В уютном казачьем домике в станице Крымской, окружённом густым садом, мы поместились вчетвером: Заворотько, оставшийся после ухода Борисова за командира сотни, я, разлапый и добродушный кубанский хорунжий и приставший к нам где-то на походе весёлый вольнопер граф Шиле, на котором нисколько не отразились тяготы двух Кубанских походов.
Станица была в первом упоении своего освобождения от большевиков, и всё население её находилось в сплошном ликовании. В станичном управлении взявший снова в свои руки власть атаман в окружении стариков степенно разбирал вороха жалоб и претензий, с которыми неизменно связывается всякая перемена политического режима. Тихая в обычное время и заросшая густыми купами тополей и ракит станица теперь бурлила страстями вокруг станичного правления. Толпы пеших и конных казаков в черкесках и бурках наполняли площадь, спешно формируя сотню для поддержки добровольцев.
К вечеру суматоха улеглась, и станица по наружности приняла тихий и безлюдный вид мирного жития. Как-то не верилось мне в этот тихий вечер, что среди мирных белых домиков, зелёных плетней и заборов и заросших садами улиц кипят страсти, совершается насилие и льётся кровь. Казалось, что синее глубокое небо над головой, зелёные, покрытые лесом горы кругом, важные спокойные казаки и степенные казачки с медленной речью и уверенными движениями живут прежней спокойной и сытной жизнью вдали от всяких политических бурь и революции. В первую же ночь, которую нам пришлось провести в Крымской, мне пришлось убедиться, что под наружным покоем и здесь кипит ненависть и сводятся кровавые счёты и обиды.

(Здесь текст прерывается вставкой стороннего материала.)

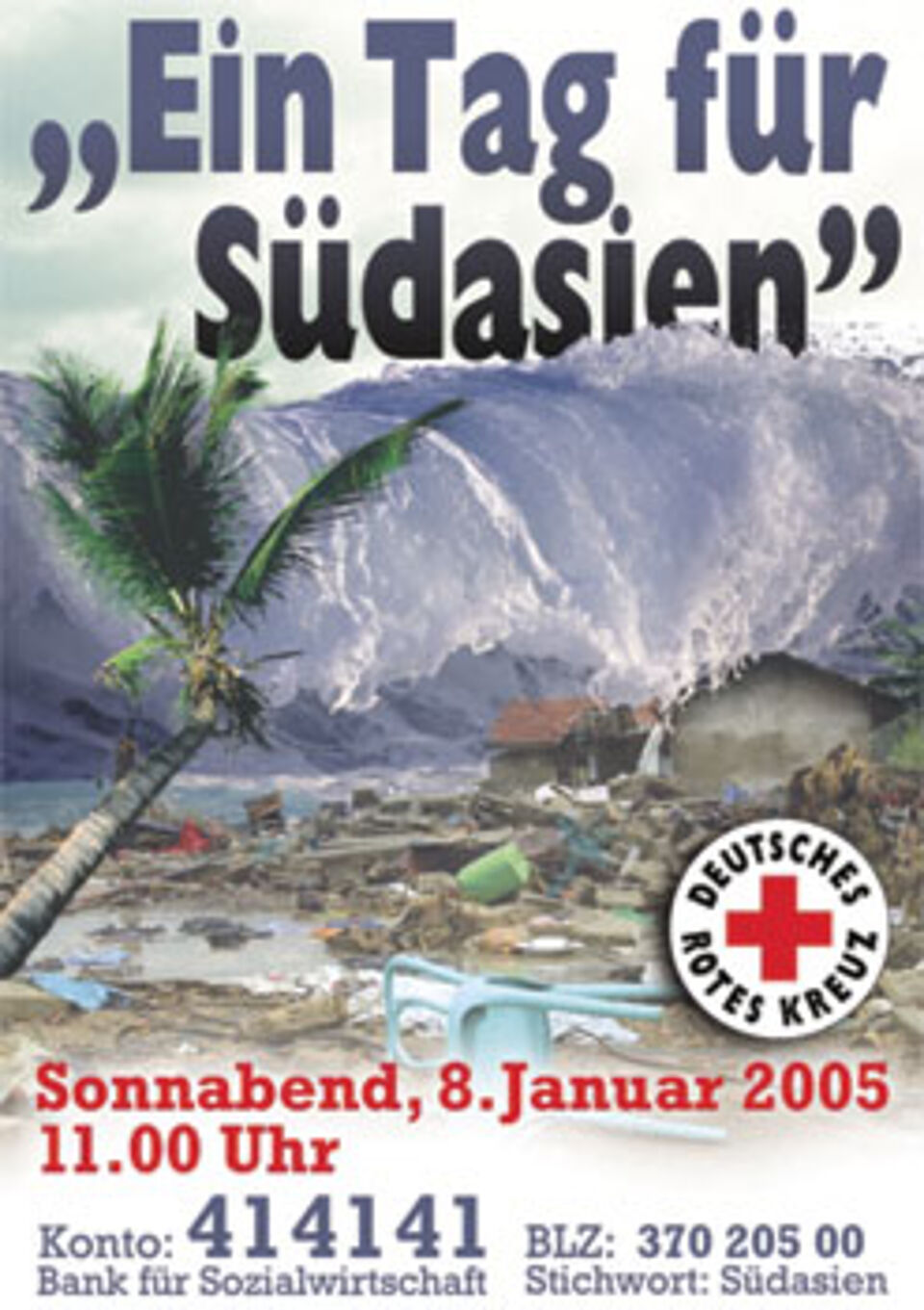 Angesichts der dramatischen Ereignisse in Südasien hat Präsident Dr. Seiters das gesamte Deutsche Roten Kreuz zu einer Spendensammelaktion zu Gunsten der Hilfe für die Opfer der Tsunami-Katastrophe aufgerufen. Die Aktion unter dem Motto „Ein Tag für Südasien“ findet bundesweit einheitlich am Samstag, den 8 Januar 2005, statt.

Старый казак, накормив нас сытным ужином, уложил спать на полу среди куреня на ворохе пахучего горного сена. Духота, стоявшая в маленькой комнатке, гудящей роем мух, и пережитые впечатления мешали заснуть, мы переговаривались друг с другом, пока хозяева убирали со стола чайную посуду. В открытую на улицу дверь пахло влажной пылью и сеном, была тихая лунная ночь. Вдруг неподалеку сухо прогремело несколько револьверных выстрелов, через минуту ряд таких же выстрелов послышался в другом краю станицы. Там, где во время гражданской войны стояли войска, эти звуки настолько обычны, что никто из нас не обратил на эти выстрелы никакого внимания. Поздно ночью, проснувшись от духоты и переворачиваясь на другой бок, я опять услышал отдалённый выстрел, вслед за которым из-за деревянной перегородки, где спали хозяева, раздался смешок и шёпот.
− Кто это у вас стреляет по ночам? − окликнул я хозяина.

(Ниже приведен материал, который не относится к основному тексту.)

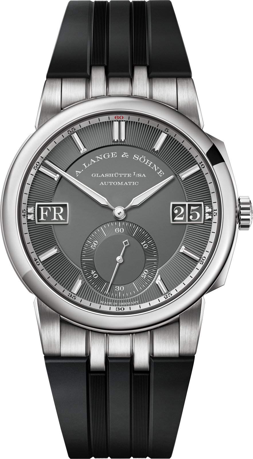 The latest A. Lange & Söhne watch family is growing. The ODYSSEUS now comes in white gold with an integrated rubber or leather strap. The sporty-elegant timepiece with the large-format date and day display and a water-resistant case features a grey dial with a special surface structure for a very textured effect.
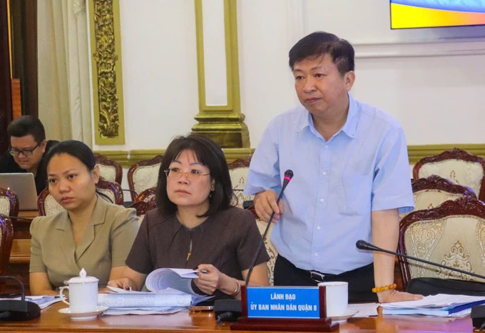 Chủ tịch UBND quận 3 Võ Văn Đức thông tin tại buổi làm việc
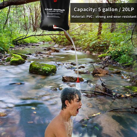Camping shower bag, holds 20 Liters. Hot water 45/55 Deg Celsius. Switchable Shower head For camping, Beach, Outdoor, Travelling, Hiking etc.
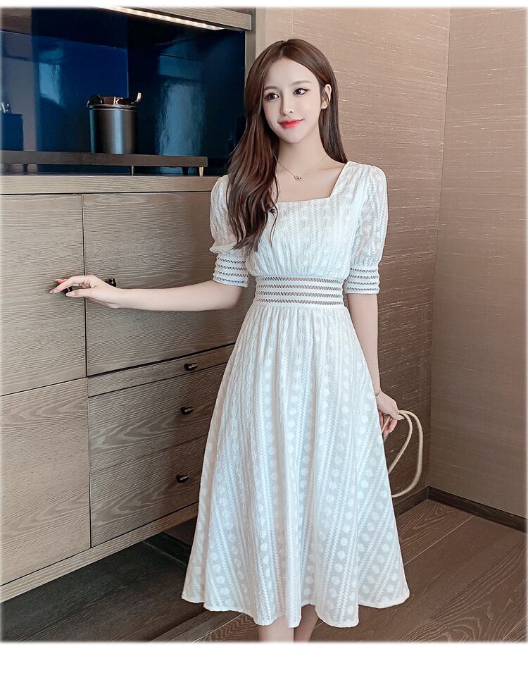 2022 サマードレスレーススクエアカラー中空アウトドレス女性自由奔放に生きるロングスクエアネックドレス女性パーティー 夏物 スクウェア

− Ничего... спите... это свои ребята, − послышался довольный и весёлый голос старика.
− Кто свои?
− Да наши... казаки...
− Чего же они ночью стрельбой забавляются?
− А это, стало быть, они наших домашних большевичков... кругом теперь на них охота идёт.
За перегородкой на его слова тихо засмеялась баба.
− Откуда же у вас тут большевики?
− Да тутошние... иногородние.
Утром, позабыв про ночной разговор, я в ожидании выступления пошёл побродить по станице. На одной из тихих пыльных улиц у забора, через который свешивались ветви сирени, над чем-то толпилось несколько мальчишек. У ворот напротив визгливо переговаривались казачки. При моём приближении мальчишки опасливо отошли в сторону, а бабы скрылись в воротах.